Firstly, Gray showed a Flash-based EA prototype he did at Tiburon called Monkey Business
- clearly designed for the Nintendo DS - in which the top screen featured a 2D side-scrolling action title with a British explorer fighting with monkeys and powering up with giant robots made out of Big Ben. The bottom screen is a block-shuffling pzzler, and platform game actions affect the blocks that appear in the bottom of the screen.
The project - in modified form, but still starring the British explorer, sometimes called 'Hatsby' - was then seen by the newly segmented EA Casual, which greenlit it. Gray finally showed a video "for an un-named platform" of the latest version of the game - clearly the Nintendo DS - with the same dual-screen gameplay, and classic 2D side-scrolling goodness - complete with an opera-singing boss and other quirkiness. He quipped in questions: "It's this weird new face of EA... they're actually looking to do new things now."
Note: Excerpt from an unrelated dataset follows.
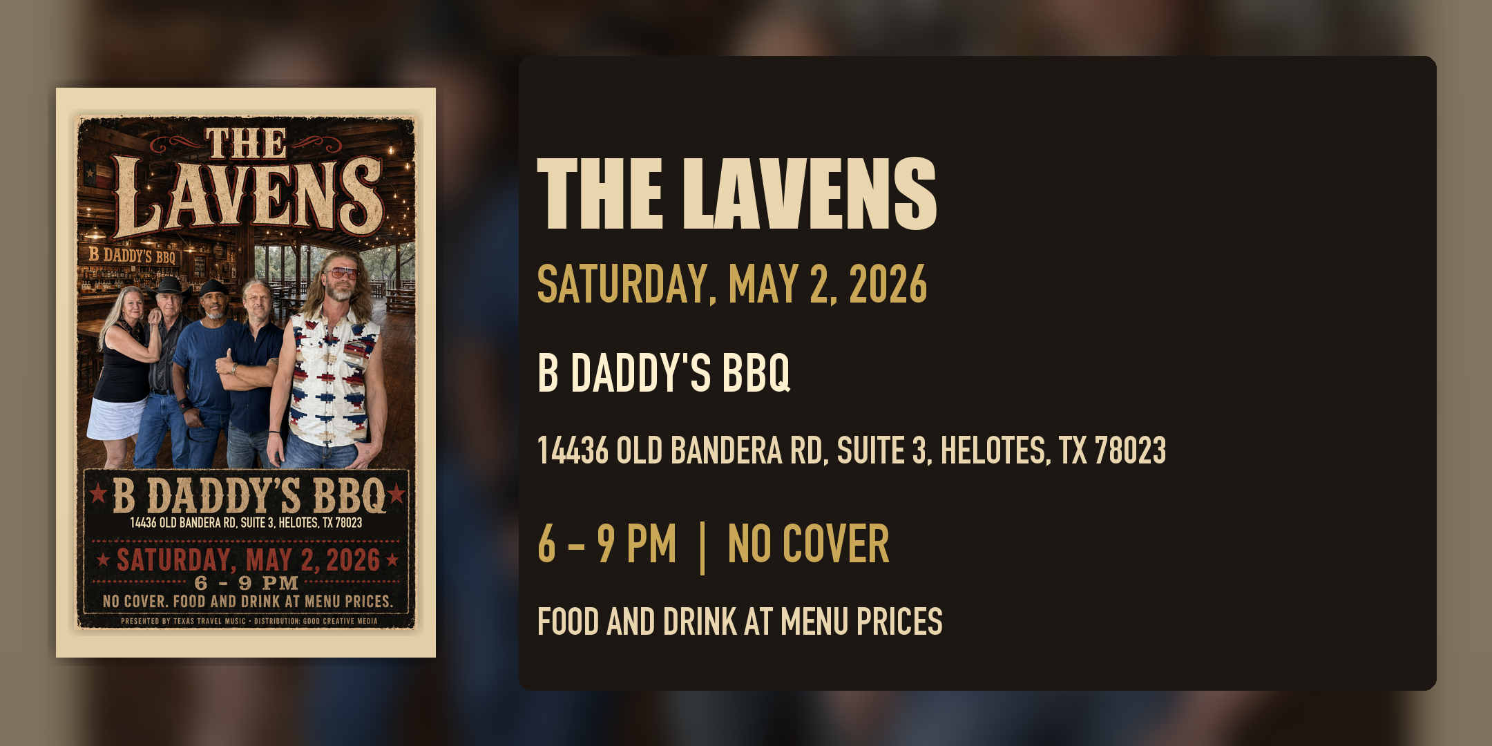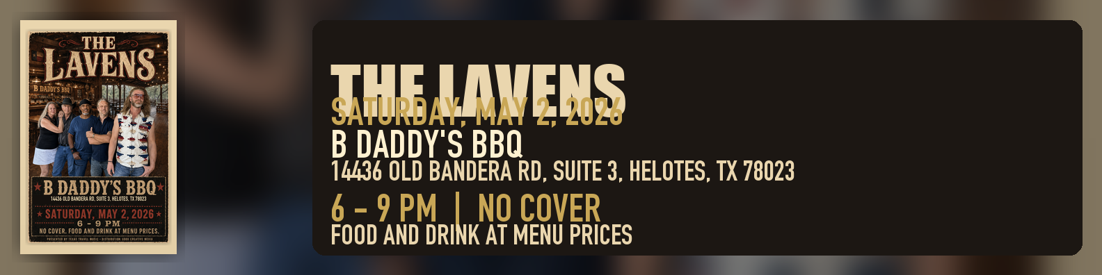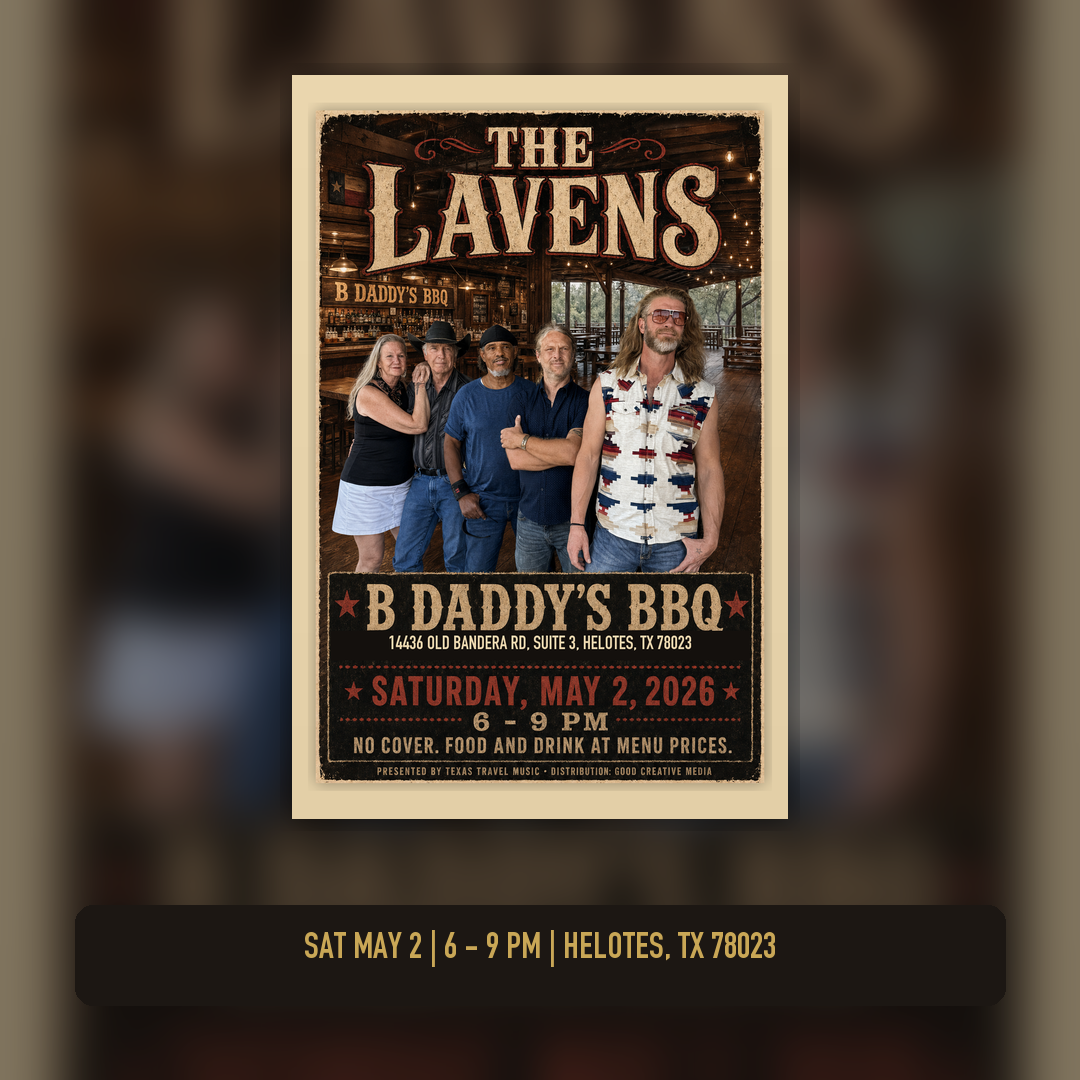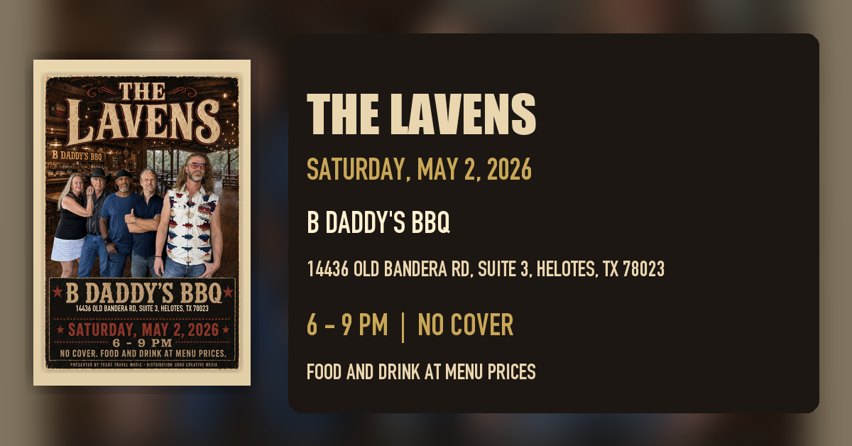 **HELOTES, TX - April 29, 2026.** On Saturday, May 2, The Lavens play a three-hour, no-cover set at B Daddy's BBQ, the Old Town Helotes barbecue room known for Texas wood-smoked brisket, homemade mac and cheese, borracho beans, hardwood floors, and a saloon-style bar. The show runs from **6:00 to 9:00 PM** at **14436 Old Bandera Rd, Suite 3, Helotes, TX 78023**.

As for Gabler, his first game as 2D Boy was The 100 Year Tree
, where he modeled an eco-system - but after seeing a Russian developer 'borrow' the Tower Of Goo
concept for a Pocket PC game, they decided to make an enhanced version of the concept in the form of World Of Goo
- which is one of the two most-nominated titles for this year's Independent Games Festival Awards.
The title is still in negotiations with publishers, but is confirmed to appear initially on PC and Nintendo's Wii. Gabler made it clear In questions that the title is not yet confirmed for WiiWare, and hinted that they might be considering different type of distribution in different territories, but noted after dealing with publishers: "I cannot speak more highly of WiiWare." He also mentioned 45mb as a possible WiiWare file size cap in passing, though it was unclear whether this was a confirmed figure.